Absolutely not. Due to a lack of proper regulation, many neutraceuticals are marketed in extremely low, ineffective doses. Look for ‘USP’ grade supplements that recommend a dosage that is similar to the amounts used in the high level studies that have been published in peer-reviewed studies. As a quick guide the following doses (Glucosamine ?1500 mg; Chondroitin 800-1200 mg; SAMe 800–1200 mg; ASU 300-600 mg) have been used in some of the studies we have referenced for your further reading, however, it is essential that you discuss the use and dosage with you healthcare provider prior to starting any of these medications.

How long should I try neutraceuticals for?

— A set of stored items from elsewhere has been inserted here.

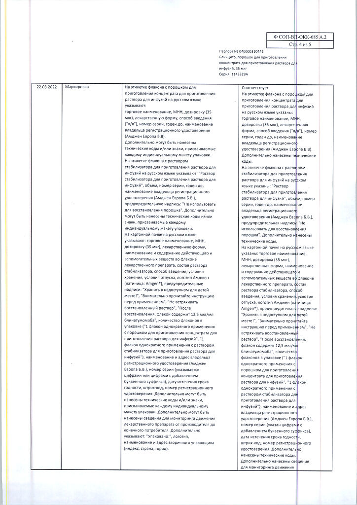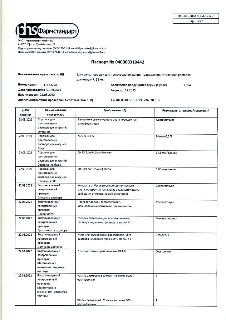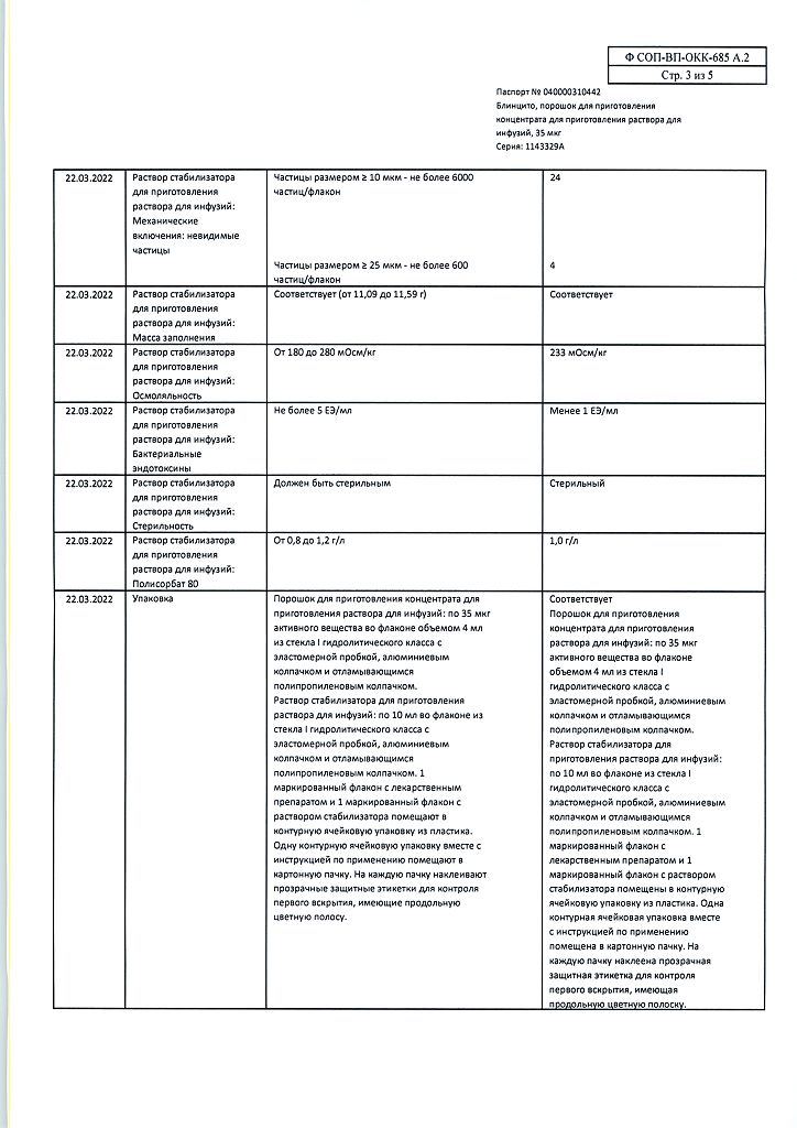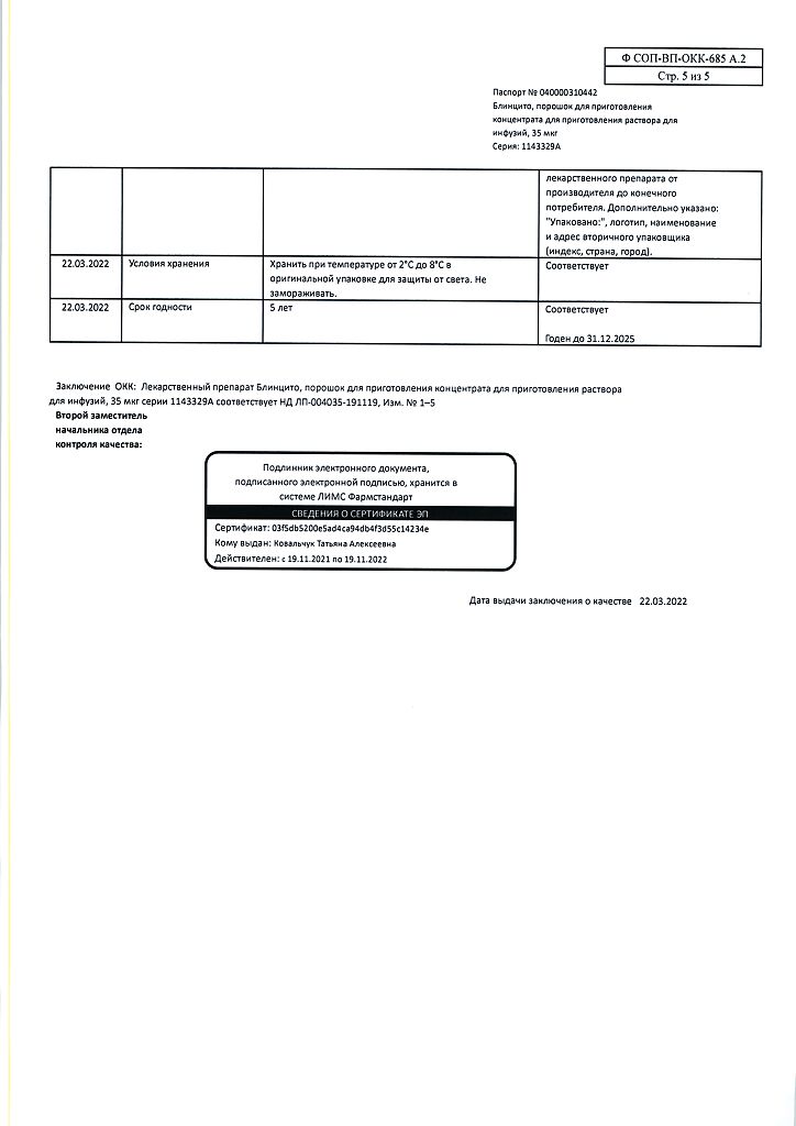 • Хранить при температуре от 2 до 8 °C в оригинальной упаковке для защиты от света. Не замораживать. Хранить в недоступном для детей месте! После вскрытия упаковки Максимальное время хранения флакона с порошком препарата Блинцито и раствором стабилизатора для приготовления раствора для инфузий* при температуре от 23 до 27 °С составляет 8 часов. Максимальное время хранения флакона восстановленного раствора препарата Блинцито* при температуре от 23 до 27 °С составляет 4 часа; при температуре от 2 до 8 °C – 24 часа. Максимальное время хранения приготовленного инфузионного пакета, содержащего раствор препарата Блинцито для инфузий**, при температуре от 23 до 27 °C составляет 96 часов*; при температуре от 2 до 8 °C – 10 суток. *Хранить флаконы с порошком препарата Блинцито и раствором стабилизатора для приготовления раствора для инфузий в защищенном от света месте. **Время хранения включает в себя время инфузии. Если инфузионный пакет, содержащий раствор препарата Блинцито для инфузий, не использован в указанные сроки и при указанных температурах, он должен быть утилизирован; повторное охлаждение в холодильнике не допускается.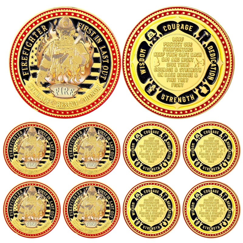 - Exceptional Features: our firefighter coins showcase 10 firefighting commemorative designs; Each coin bears rich and meaningful patterns, featuring the valorous principle of "first in, last out"; It's a poignant tribute to the courage of our fire service heroes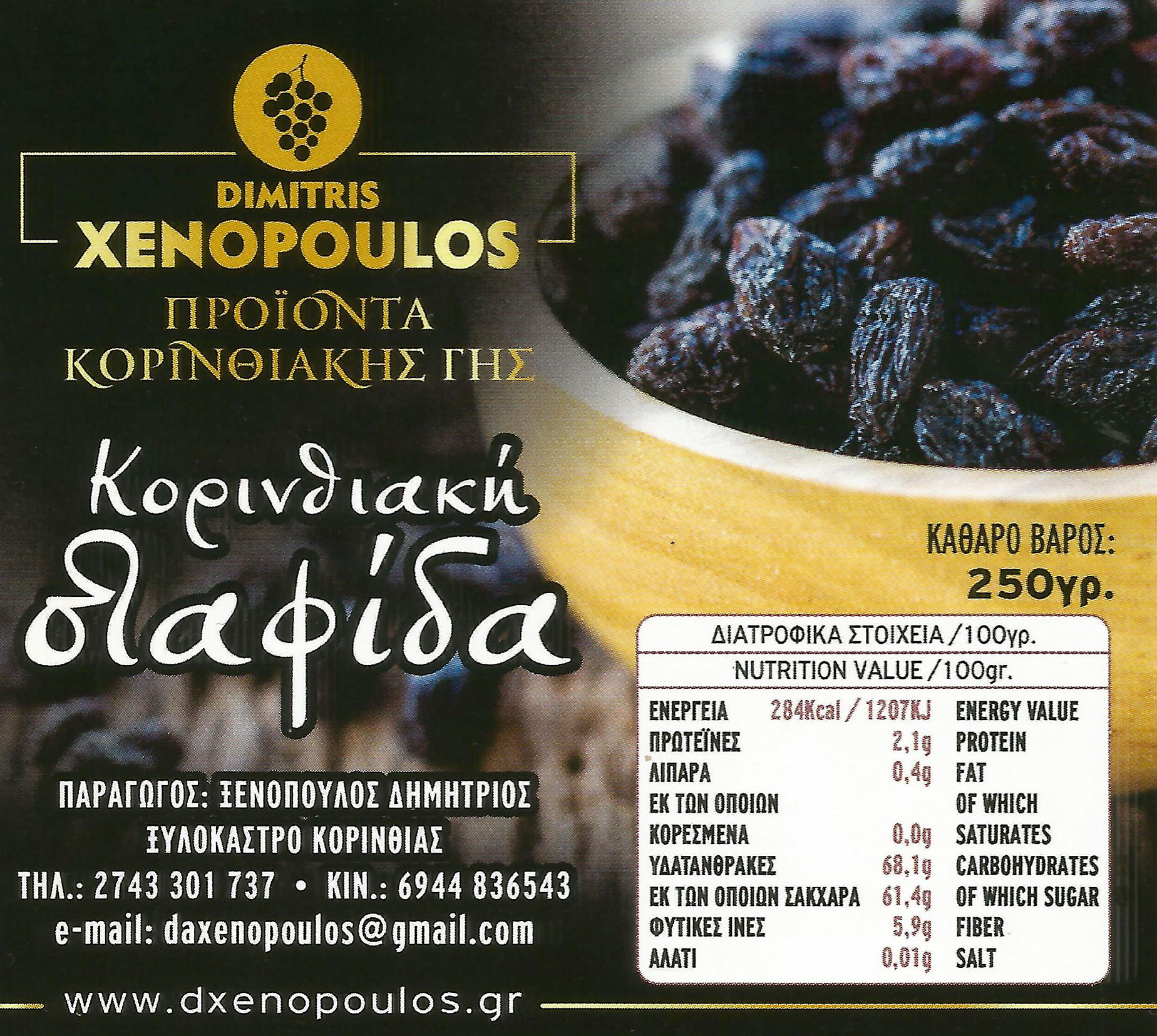 Παράγω  και τυποποιώ μαύρη Κορινθιακή ξηρή σταφίδα σε μικρές και μεγάλες συσκευασίες  και διαθέτω  τα απαιτούμενα πιστοποιητικά επεξεργασίας .

Due to the slow mechanism of action of many neutraceuticals, it is imperative that they are given ample time to work. Speak to your physician about treatment duration. As a rough guide, a 3–6 month course should be long enough to evaluate the effects of the product on your symptoms.

Further reading
  • Theodosakis J, Buff S, et al. The Arthritis Cure. Revised Edition. New York, St. Martin’s Press, 2004. ISBN-13: 9780312990633.
  • McAlindon TE, Bannuru RR, et al. OARSI guidelines for the non-surgical management of knee osteoarthritis. Osteoarthritis and Cartilage 22 (2014) 363-388.
  • Rutjes AW, Nüesch E, et al. S-Adenosylmethionine for osteoarthritis of the knee or hip. Cochrane Database Syst Rev. 2009 Oct 7;(4):CD007321.
  • Clegg DO, Reda DJ, et al. Glucosamine, chondroitin sulfate, and the two in combination for painful knee osteoarthritis. New Engl J Med 2006;354(8):795e808.
  • Christensen R, Bartels EM, et al. Symptomatic efficacy of avocado-soybean unsaponifiables (ASU) in osteoarthritis (OA) patients: a meta-analysis of randomized controlled trials. Osteoarthritis and Cartilage/OARS, Osteoarthritis Research Society 2008;16(4):399e408
Broadly speaking, ‘nutraceuticals’ are…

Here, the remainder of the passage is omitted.